Calculate the averages: groupBy(..).agg(avg(..))
Let's kick off the calculations, first we do the averages of x and y:
val a1 = sale_narrow_df.groupBy("shop","product").agg( avg("x"), avg("y") )
Result:
a1.orderBy("shop","product").show()
+----------+-------+------------------+------------------+
| shop|product| avg(x)| avg(y)|
+----------+-------+------------------+------------------+
| megamart| bread| 6.454545454545454|461.27272727272725|
| megamart| cheese| 6.4| 56.4|
| megamart| milk| 6.7| 27.9|
| megamart| nuts| 6.5|1341.6666666666667|
| megamart| razors| 6.909090909090909| 519.5454545454545|
| megamart| soap| 7.0| 8.0|
|superstore| bread|6.2727272727272725|398.72727272727275|
|superstore| cheese| 6.9| 56.4|
|superstore| milk| 7.3| 33.5|
|superstore| nuts| 6.5|1279.1666666666667|
|superstore| razors| 6.5| 352.3333333333333|
|superstore| soap| 6.0| 7.2|
+----------+-------+------------------+------------------+
Naming convention
When short name chosen for a dataframe starts with an 'a' (eg a1,a2,...) it's about an aggregate (ie at shop/product level), and when it starts with a 'd' (eg. d1,d2,..) it's about a detail (ie. at the lowest level: shop/product/month~unit)
Cosmetics
For the sake of this document: let's round off the above averages to retain just 4 digits after the decimal point, just to be able to fit more columns of data onto 1 row!

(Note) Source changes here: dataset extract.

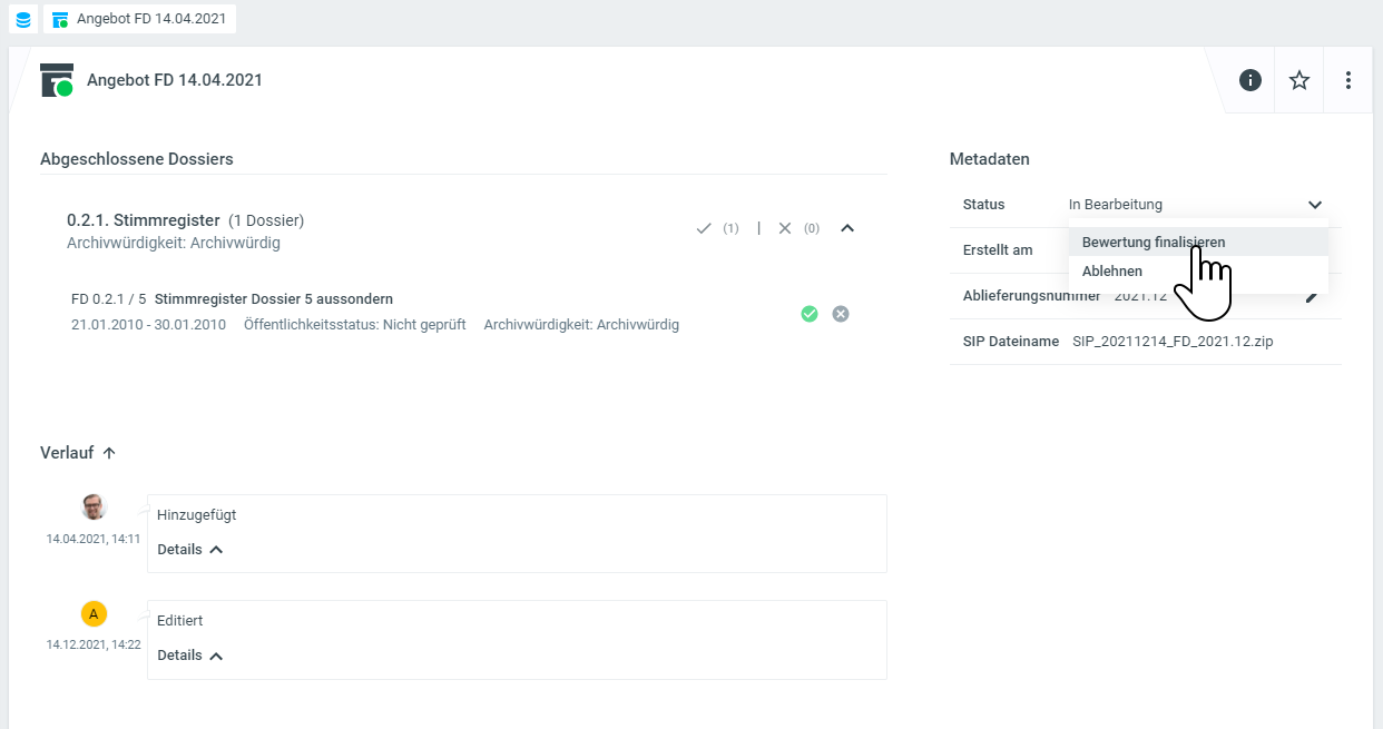 Wurde die Bewertung durch das Archiv vorgenommen, kann die Bewertung finalisiert werden. Dabei wird das Angebot in den Status bewertet versetzt und kann nicht mehr bearbeitet bzw. angepasst werden. Um den Statuswechsel durchzuführen, wählen Sie als Person mit der Rolle Archivist unter Status den Befehl Bewertung finalisieren.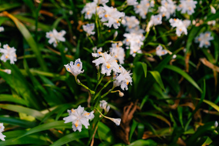 Fringed iris japonica flowers. They grow in clusters in the shade of trees in forests and bloom in early summer with purple and yellow patterns on the petals.

When concerned with precision, please skip this step.
User defined rounding function:
def udfRound = udf[Double,Double] { (x) => Math.floor( x*10000.0 + 0.5 )/10000.0 }
Round off:
val a2=a1.withColumn("avg_x", udfRound( a1("avg(x)") )).
withColumn("avg_y", udfRound( a1("avg(y)") )).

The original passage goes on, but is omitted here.